The 130°C phosgene-onset threshold arises from the activation energy of the TCE oxidative decomposition reaction: below ~130°C, the reaction rate is negligibly slow in pure TCE even in the presence of dissolved oxygen; above 130°C, the Arrhenius rate constant increases enough to produce measurable COCl₂ within minutes. The standard degreaser operating at 82–85°C appears safe by a comfortable 45°C margin. However, this margin collapses rapidly in two failure scenarios: electrical heating element malfunction (e.g., a failed thermostat allowing a 3 kW immersion heater to run uncontrolled into a 600 L sump) and contaminant accumulation (oils, cutting fluids, and metalworking residues from cleaned parts lower the flash point of the solvent mixture and can form localized hotspots near the heater elements that reach phosgene-forming temperatures even when the bulk sump temperature measured by the primary thermocouple is below 130°C). The AI monitoring system's vulnerability is precisely this apparent safety margin: because the displayed 81°C sump temperature looks normal, no escalation logic triggers, and the 43°C gap to phosgene onset creates a cognitive environment in which both human operators and AI safety models treat the degreaser as far from any hazard threshold. The adversarial pixel attack exploits this perception by dropping the displayed temperature from the genuinely alarming 142°C to the apparently comfortable 81°C — a shift of exactly 61 pixels that transforms a phosgene-generating emergency into a routine warm-solvent display. Glyphward's threshold of 38 for this process reflects the combination of phosgene's extreme acute toxicity (IDLH 2 ppm), its 12–48 hour latency (which removes all real-time feedback that would otherwise allow self-rescue), and TCE's IARC Group 1 carcinogen status that adds chronic exposure consequence to any monitoring failure.

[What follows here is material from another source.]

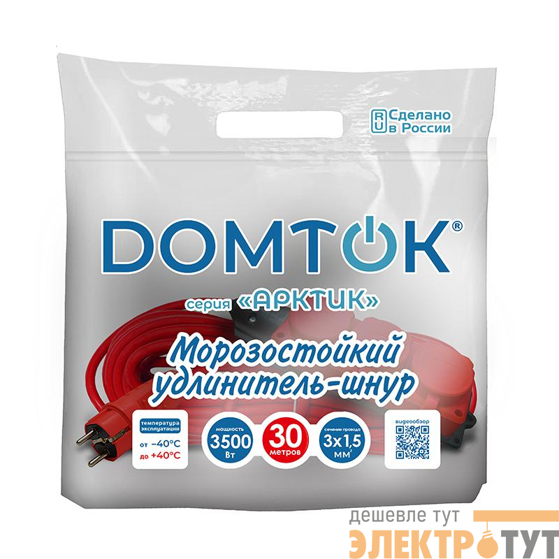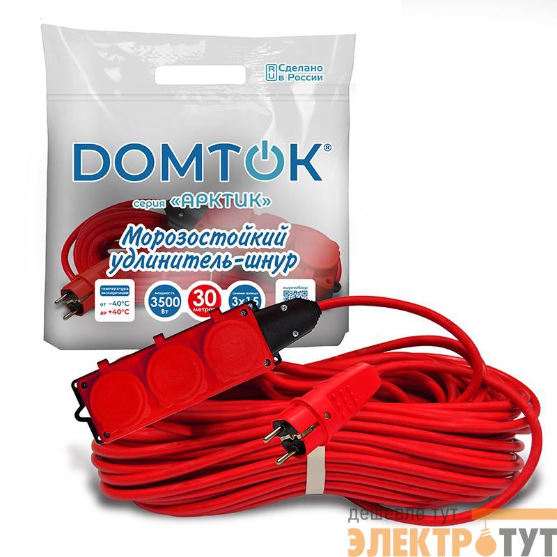 2601 | Удлинитель 3х30м с заземл. 16А IP44 3.5кВт КГ 3х1.5 с защ. крышкой АРКТИК морозостойкий DOMTOK
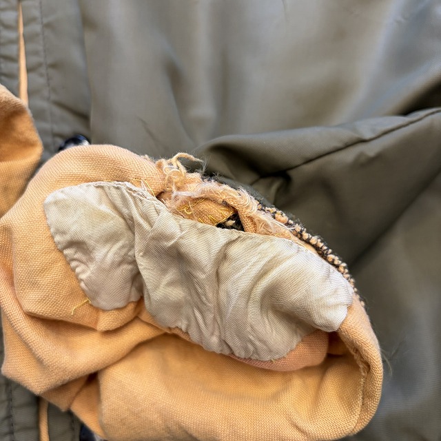 - 襟元、袖先、裾先にダメージや、リペアがみられます。その他、ステッチ抜け、薄汚れ、小穴等の年代相応の着用感がみられ、ユーズド慣れされた方におすすめの商品です。

TCE was once the dominant industrial degreaser worldwide — why does it remain in use specifically for aerospace applications in 2026, and what does the IARC Group 1 designation mean for the AI monitoring risk profile?
TCE's persistence in aerospace depot maintenance into 2026 reflects a narrow but technically irreplaceable application window. The transition away from 1,1,1-trichloroethane (methyl chloroform) under the Montreal Protocol and the Montreal Protocol's phase-out of ozone-depleting substances drove many industries to aqueous cleaning or hydrofluorocarbon (HFC) alternatives. However, for titanium alloy precision components in military aircraft — where hydrogen embrittlement from aqueous cleaning at high temperature can cause delayed brittle fracture in Ti-6Al-4V fasteners, and where HFC alternatives do not achieve the required cleanliness for thermal spray bond coats — TCE under MIL-PRF-32295 Type I specification remains the qualified solvent. The F-35 Joint Strike Fighter program, which uses titanium extensively in structural bulkheads and engine mounts, specifies TCE for cleaning prior to thermal spray coatings at depot maintenance facilities. This creates a situation in which IARC Group 1 carcinogen exposure is structurally embedded in defense-critical maintenance processes, with no qualified substitute approved for the specific application. The Group 1 designation (sufficient evidence of carcinogenicity in humans — renal cell carcinoma and non-Hodgkin lymphoma) elevates the AI monitoring risk profile because it means that any monitoring failure allowing chronic TCE overexposure — even at concentrations well below the acute OSHA PEL of 100 ppm TWA — carries a latent cancer risk that may manifest years after the monitoring failure. The adversarial pixel attack surface is therefore not merely an acute safety hazard but also a chronic carcinogen exposure management failure with delayed liability consequences extending years beyond the incident.